Here we see for each point in the test set a bar for the model’s probability that it belongs to each of the 3 classes(['setosa', 'versicolor', 'virginica']).

Most points are nearly probability 1 in the correvt class and near 0 in the other classes.

For example:

prob_select_idx = prob_df_melted['index'].isin([0,2,3])
sns.catplot(data =prob_df_melted[prob_select_idx], x = 'species', 
    y='probability' ,col ='i,true',
            col_wrap=5,kind='bar', hue='species')

<seaborn.axisgrid.FacetGrid at 0x7f20273c4530>

Some, however, are less clear cut, for exmple, sample 1

split = [1]
prob_select_idx = prob_df_melted['index'].isin(split)

sns.catplot(data =prob_df_melted[prob_select_idx], x = 'species', 
    y='probability' ,col ='i,true',
            col_wrap=5,kind='bar', hue='species')

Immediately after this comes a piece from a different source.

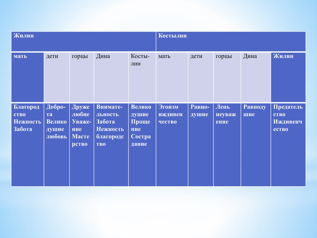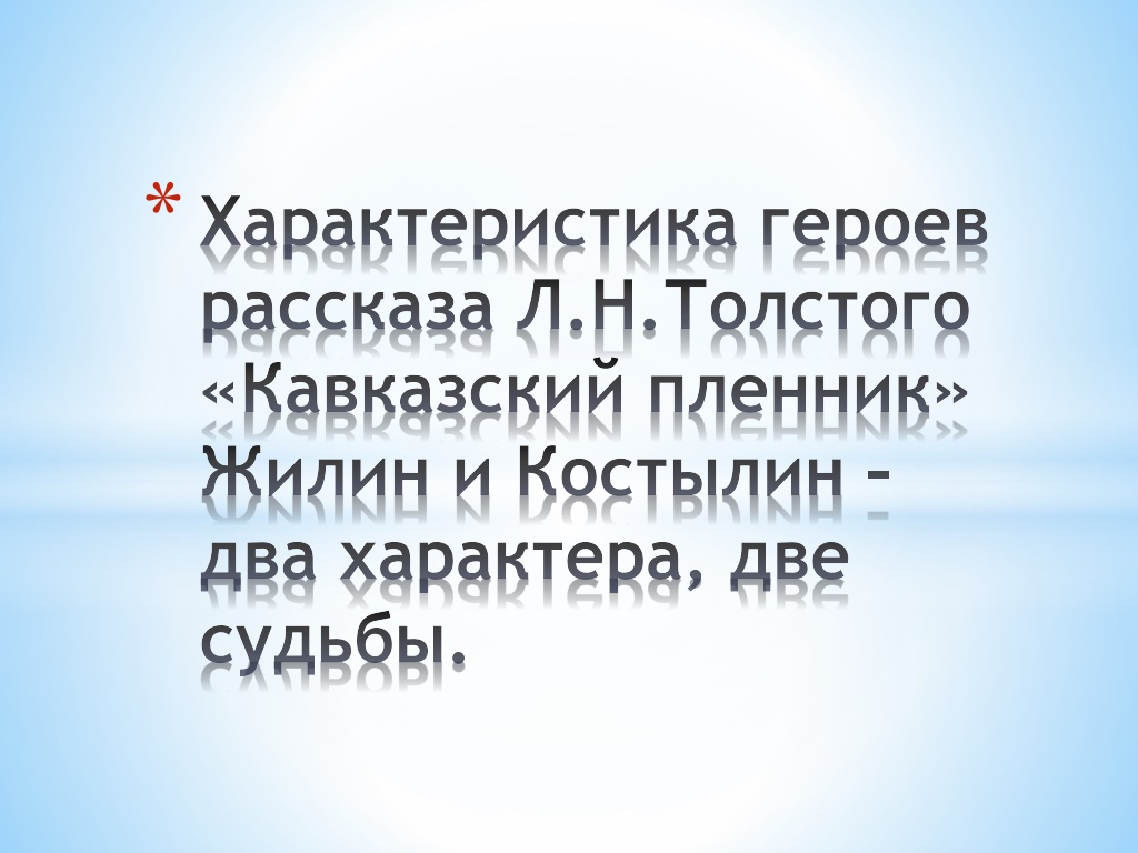 Характеристика героев рассказа Л.Н.Толстого«Кавказский пленник»Жилин и Костылин – два характера, две судьбы.

<seaborn.axisgrid.FacetGrid at 0x7f2027332ea0>

Sample 1’s true class is virginica, but it was predicted as np.str_('versicolor'). We see in the plot, the model was actually split on this sample, 2 bars are meaningfully above 0.

We could even pick out all of the ones where the predictionw as wrong:

error_idx = prob_df_melted['correct'] ==False

sns.catplot(data =prob_df_melted[error_idx], x = 'species', 
    y='probability' ,col ='i,true',
            col_wrap=5,kind='bar', hue='species')

<seaborn.axisgrid.FacetGrid at 0x7f202969b9b0>

All of these have a somewhat split decision, so that is good, the model was not confidently wrong.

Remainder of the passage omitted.